SERAYUNEWS – Ketua Umum Partai Kebangkitan Nasional (PKN) Anas Urbaningrum menilai, keputusan MK menghapus presidential threshold 20 persen dalam Pilpres, perlu diikuti dengan kebijakan serupa untuk Pilkada.
Menurutnya, keadilan politik akan lebih terasa jika baik Pilpres maupun Pilkada sama-sama menerapkan ambang batas pencalonan 0 persen.
Anas menjelaskan, dengan putusan MK yang menyatakan Pasal 222 UU Pemilu inkonstitusional, maka seluruh partai politik peserta pemilu memiliki hak yang sama untuk mengajukan calon presiden dan wakil presiden.
“MK menyatakan semua partai politik peserta pemilu berhak mengajukan pasangan calon presiden dan wakil presiden. Artinya threshold Pilpres itu 0 persen. Kalau mau paralel antara politik nasional dan politik lokal, Pilkada juga seharusnya 0 persen,” ujar Anas saat berkunjung ke Banyumas, belum lama ini.
Dengan sistem threshold 0 persen, satu partai politik saja di daerah sudah cukup untuk mengusung calon kepala daerah tanpa harus berkoalisi.
Ia menilai sistem ini akan membuka ruang kompetisi yang lebih sehat dan memungkinkan munculnya calon berkualitas yang selama ini terhambat oleh ambang batas tinggi.
“Kalau threshold 10 persen atau 7,5 persen, bisa saja calon yang bagus justru tidak bisa berangkat karena dikunci. Dengan nol persen, soal menang atau kalah itu urusan rakyat,” tegasnya.
Anas juga menyebut, penghapusan ambang batas akan mengurangi fenomena kotak kosong seperti yang sempat terjadi dalam sejumlah Pilkada 2024.
Ia menilai sistem yang terlalu membatasi pencalonan hanya akan mengurangi pilihan rakyat dan menghambat regenerasi kepemimpinan daerah.
“Pilkada seharusnya jadi ruang terbuka bagi rakyat untuk memilih. Kalau threshold tinggi, justru mengerdilkan demokrasi lokal,” tambahnya.
Selain isu ambang batas, Anas menyoroti wacana pengembalian mekanisme Pilkada melalui DPRD yang kembali mencuat di tingkat nasional.
Ia menilai, evaluasi terhadap sistem Pilkada langsung memang perlu, namun harus dilakukan secara objektif dan proporsional.
“Sekarang kita di persimpangan jalan.
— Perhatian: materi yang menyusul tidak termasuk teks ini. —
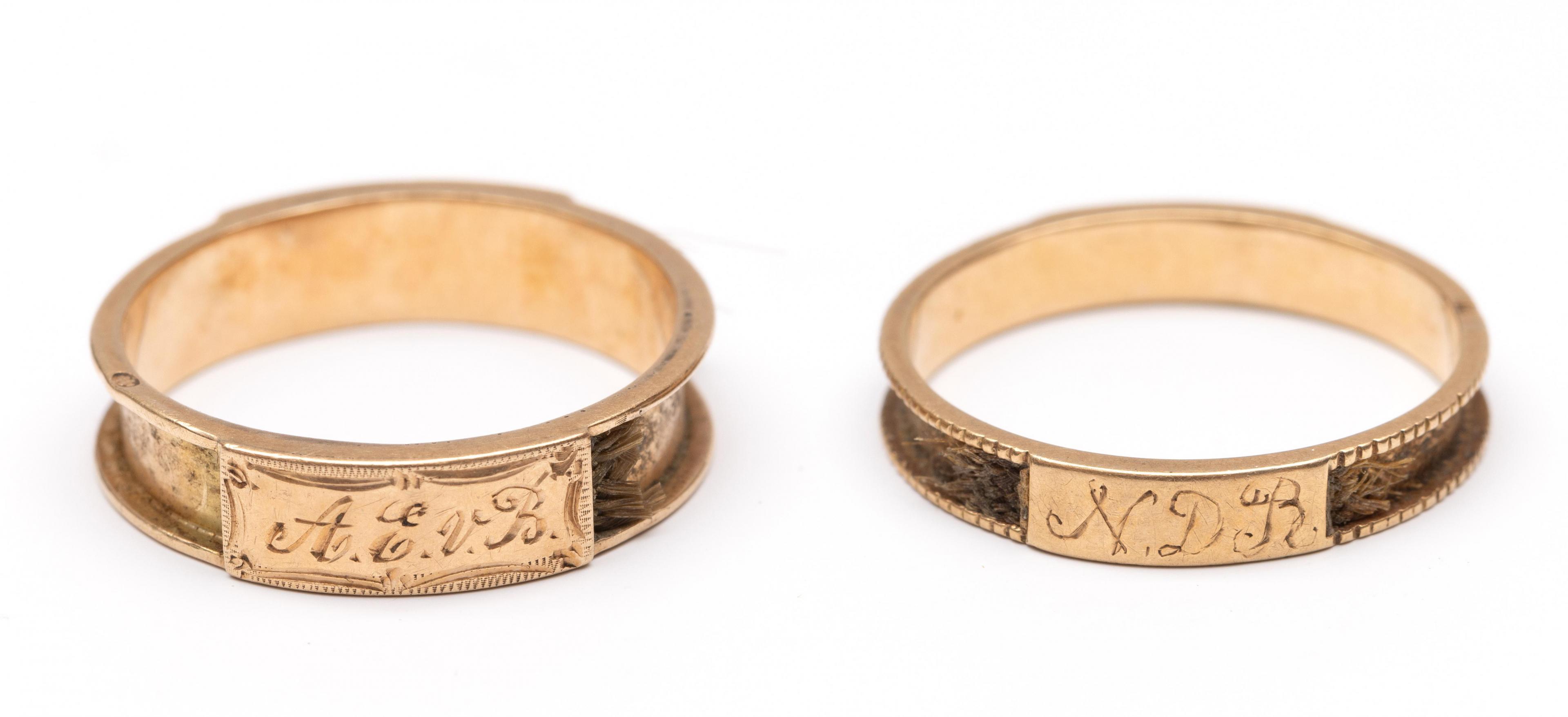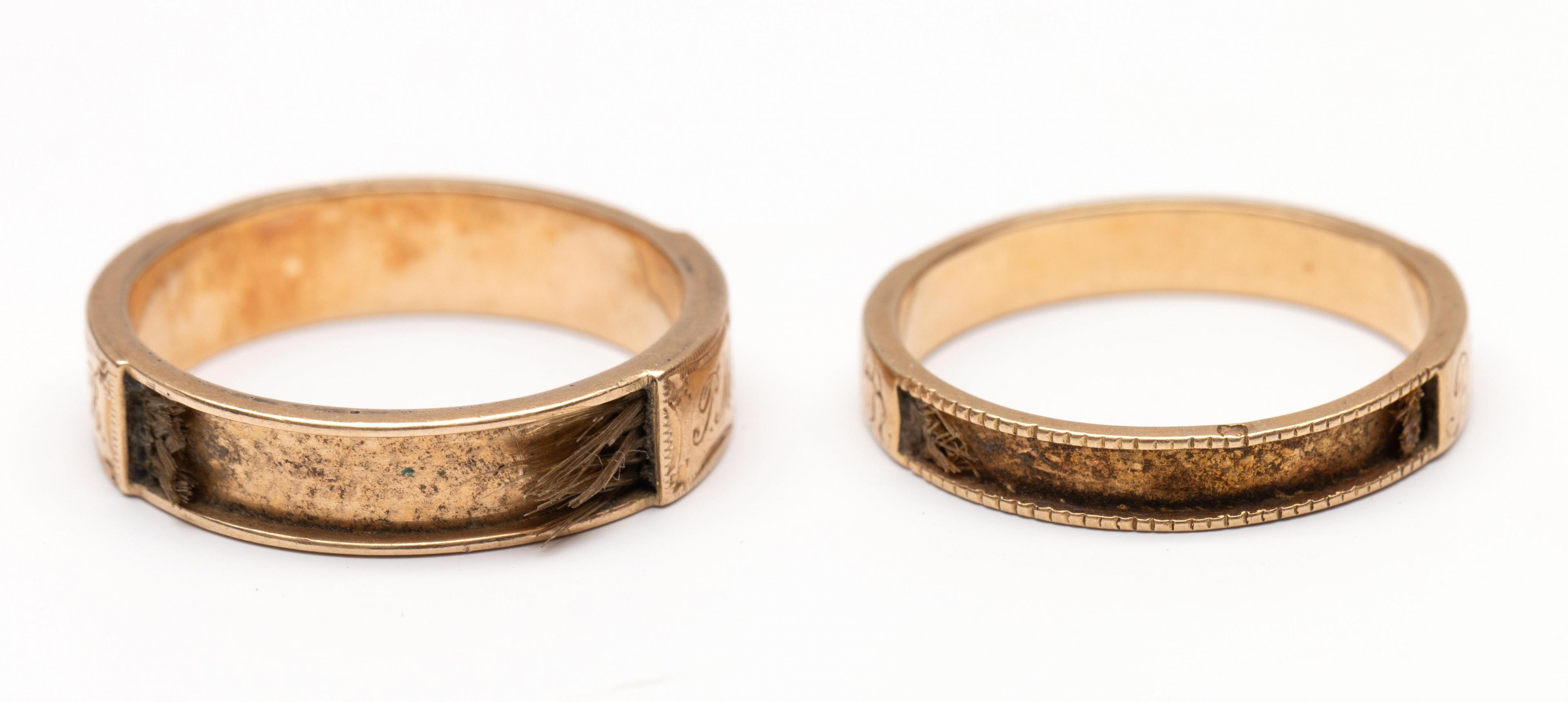 One 14 kt and one 18 kt gold ring, 19th century. Probably wedding rings. Both with cartouche on the front and back engraved with monogram. With remains of braided hair (cut out)

Ada partai besar yang cenderung mendorong agar Pilkada dikembalikan lewat DPRD. Tapi soal biaya politik tinggi itu bukan karena sistemnya, melainkan perilaku elit dan budaya politik uang,” kata Anas.
Menurutnya, sistem apapun tetap rawan praktik politik uang (money politics) jika akar masalahnya tidak diberantas.
“Kalau soal adu amplop, mau langsung atau tidak langsung tetap bisa terjadi. Yang beda hanya lokasi amplopnya. Jadi bukan mekanismenya yang salah,” ujarnya setengah berseloroh.
Lebih lanjut, Anas mendorong negara untuk menindak tegas mahar politik dalam proses pencalonan kepala daerah.
Ia menyebut, jika pemerintah serius ingin menekan biaya politik, maka regulasi harus diperkuat dan penegakan hukumnya konsisten.
“Kalau mau menurunkan biaya politik, larang mahar politik dan perkuat penindakan terhadap praktik politik uang. Itu baru reformasi Pilkada yang sejati,” tutupnya.